[Provided information — start]

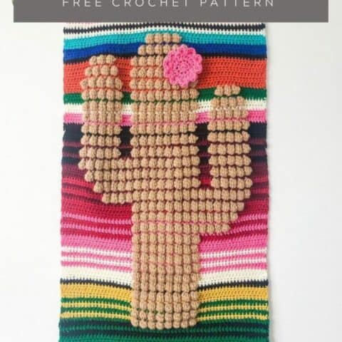 How about creating your very own piece of art to hang on the wall? That is what this cactus wall hanging pattern is all about. The cactus shape is created using the bobbles to make it really pop. And the striped background is really cleverly designed to represent the land and sky. There is also a solid background version if you prefer.
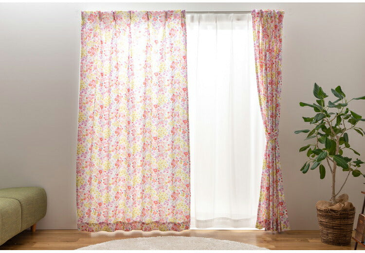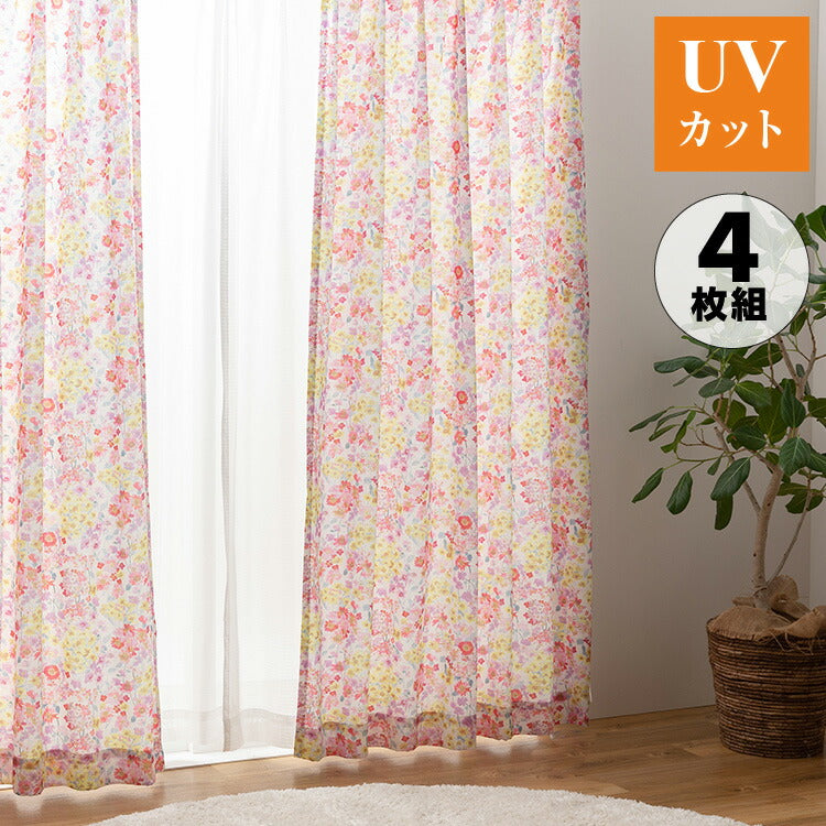 遮光カーテン 4枚セット カーテン 遮光 UVカット 紫外線 ミラー 昼見えにくい ウォッシャブル 新生活 一人暮らし 花柄 ドレープカーテン 4Pフィノ(代引不可)
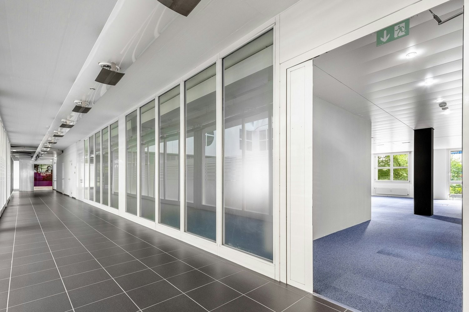 Fensterfront zum Korridor gerichtet
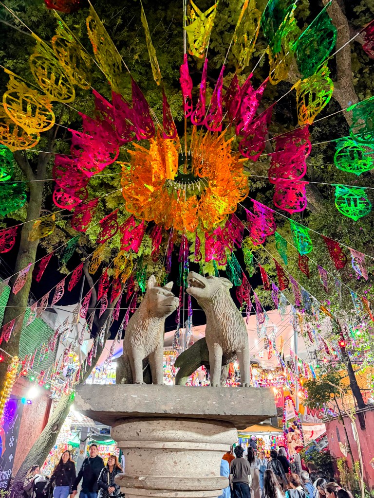 Coyoacan was both still in full Christmas mode and in weekend mode. Vendors crowded the streets, Christmas lights hung everywhere, groups gathered for street performances, kids threw pop its everywhere, and there was a large fake Christmas tree near the church.
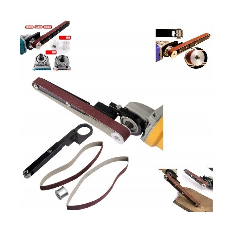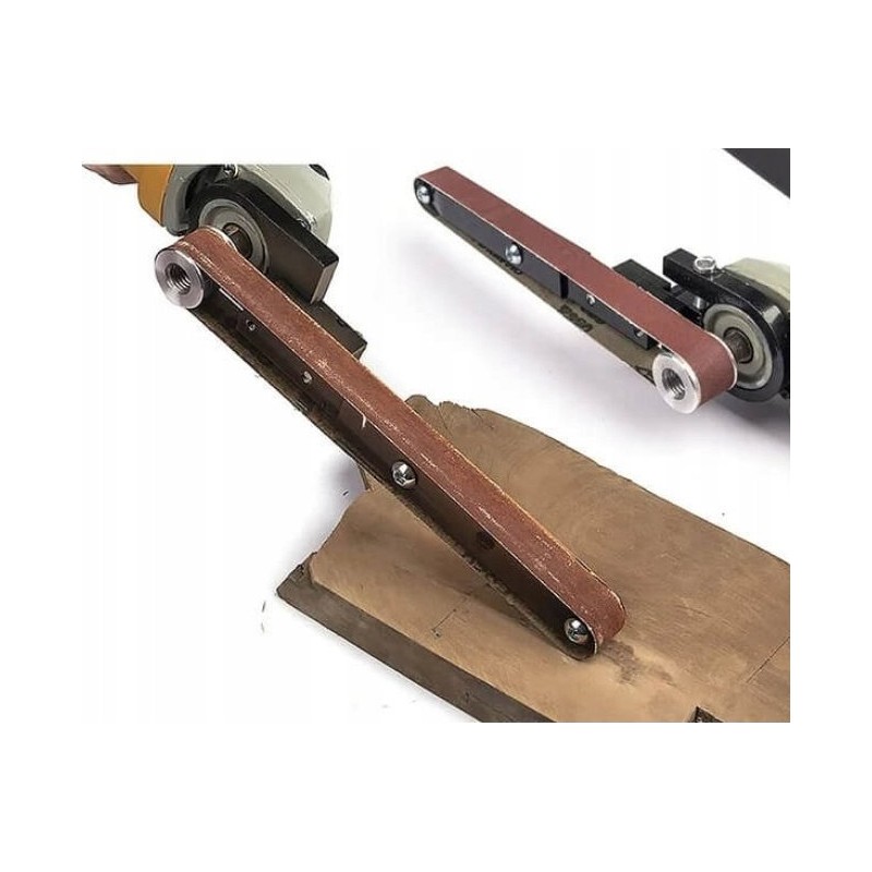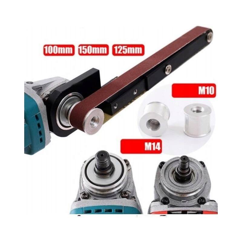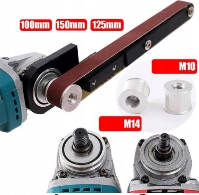 2. Kompatible Modelle: Dieser Bandschleifer-Adapter ist für Winkelschleifer der Modelle 100 und 125 ausgelegt, um sie in Maschinen mit Schleifband einzusetzen.
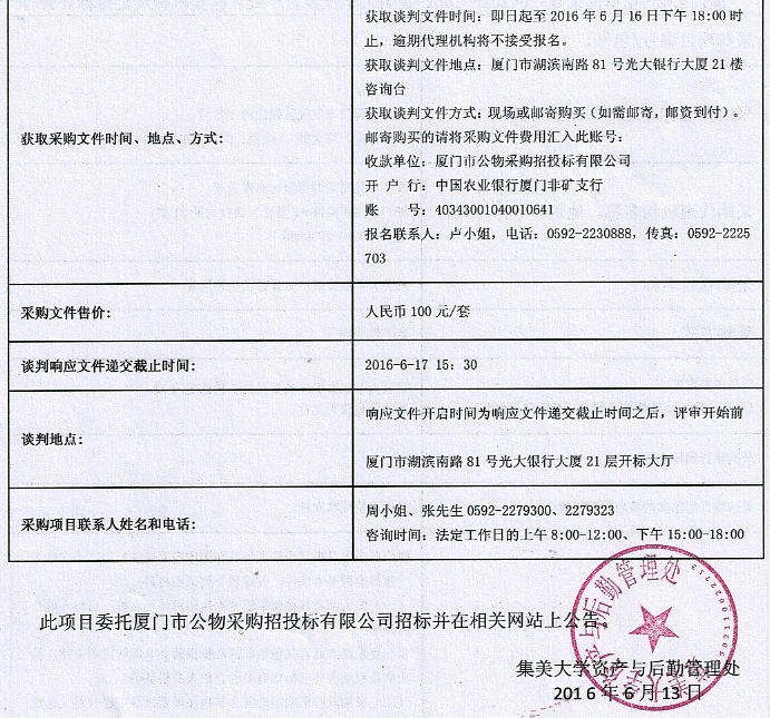 厦门公物-竞争性谈判- GW2016-1052-集美大学报废资产处置拍卖机构选定招标公告

[Provided information — finish]

• Work required:
Output exactly, and only, the lines of the entries above from the one with "Coyoacan was both" up to and including the one with "2. Kompatible Modelle: Dieser"; pictures are to be left out.

• Response box:
 Coyoacan was both still in full Christmas mode and in weekend mode. Vendors crowded the streets, Christmas lights hung everywhere, groups gathered for street performances, kids threw pop its everywhere, and there was a large fake Christmas tree near the church.
 2. Kompatible Modelle: Dieser Bandschleifer-Adapter ist für Winkelschleifer der Modelle 100 und 125 ausgelegt, um sie in Maschinen mit Schleifband einzusetzen.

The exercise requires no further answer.